Beardfish was a Swedish progressive rock band formed in 2001. Their style resembles progressive rock bands from the 1970s, such as Yes and Genesis. The band's most prolific line-up consisted of founding members vocalist/keyboardist Rikard Sjöblom and guitarist David Zackrisson, along with longtime drummer Magnus Östgren and bassist Robert Hansen; who joined the band in 2001 and 2002 respectively; this line-up existed from 2003 (following the departure of keyboardist Stefan Aronsson) until the band's dissolution in 2016.

History
The initial lineup of Beardfish consisted of frontman Rikard Sjöblom, guitarist David Zackrisson, bassist Gabriel Olsson, and drummer Petter Diamant. Before the end of 2001, Diamant had been replaced by Magnus Östgren, and early in 2002 the band's lineup was augmented by keyboardist Stefan Aronsson. Later that year, Olsson was replaced by Robert Hansen, and it was this lineup that recorded the band's debut album, Från En Plats Du Ej Kan Se, in 2003. Following the release of the album, Aronsson left the band, leaving Beardfish with the four-man lineup which existed for the rest of the duration of the band's existence.

Following the release of the band's second album, The Sane Day, in 2006, the band were signed by InsideOut Music. They have remained on this label ever since, releasing six more albums to date, the latest of which is 2015's +4626-COMFORTZONE.
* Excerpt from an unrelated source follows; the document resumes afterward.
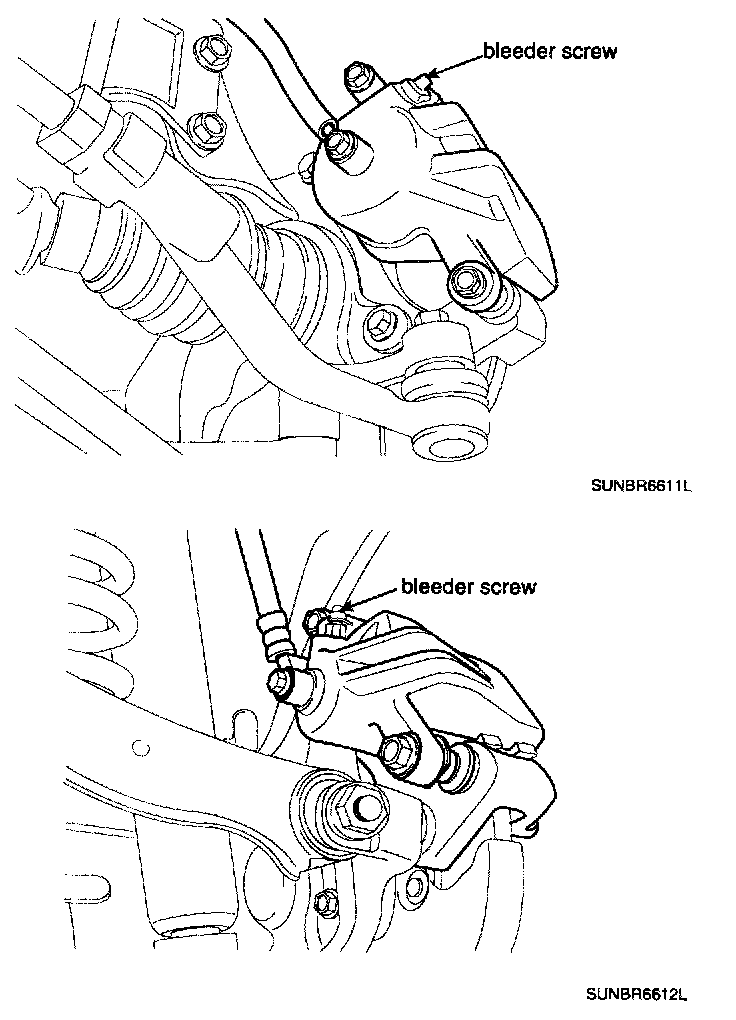 5. Pump the brake pedal several times, and then loosen the bleeder screw until fluid starts to run out without bubbles. Then close the bleeder screw.

In 2008, Beardfish toured with fellow progressive rock band The Tangent. The following year they were scheduled to tour North America during the summer as part of Progressive Nation, a tour organized by Dream Theater's then-drummer Mike Portnoy; however, they were forced to withdraw from this event after InsideOut lost funding because its distributor, SPV, declared bankruptcy.

In September 2012, Beardfish were the opening act for all European dates of the band Flying Colors, and in May 2013, were one of the opening acts (along with Sound of Contact) for all European dates of the band Spock's Beard.  The band followed this up by touring with Sound of Contact in support of Spock's Beard during 2013. In 2014 the band commenced work on their eighth studio album, with Sjöblom also joining the band Big Big Train in the capacity of touring guitarist. In October it was announced that Sjöblom would remain with Big Big Train in an official capacity. The following month Beardfish announced the completion of their eighth studio album, entitled *+4626-COMFORTZONE, scheduled for release in January 2015. For the tour dates commencing in early 2015 the band extended their touring line-up with the addition of keyboardist Martin Borgh.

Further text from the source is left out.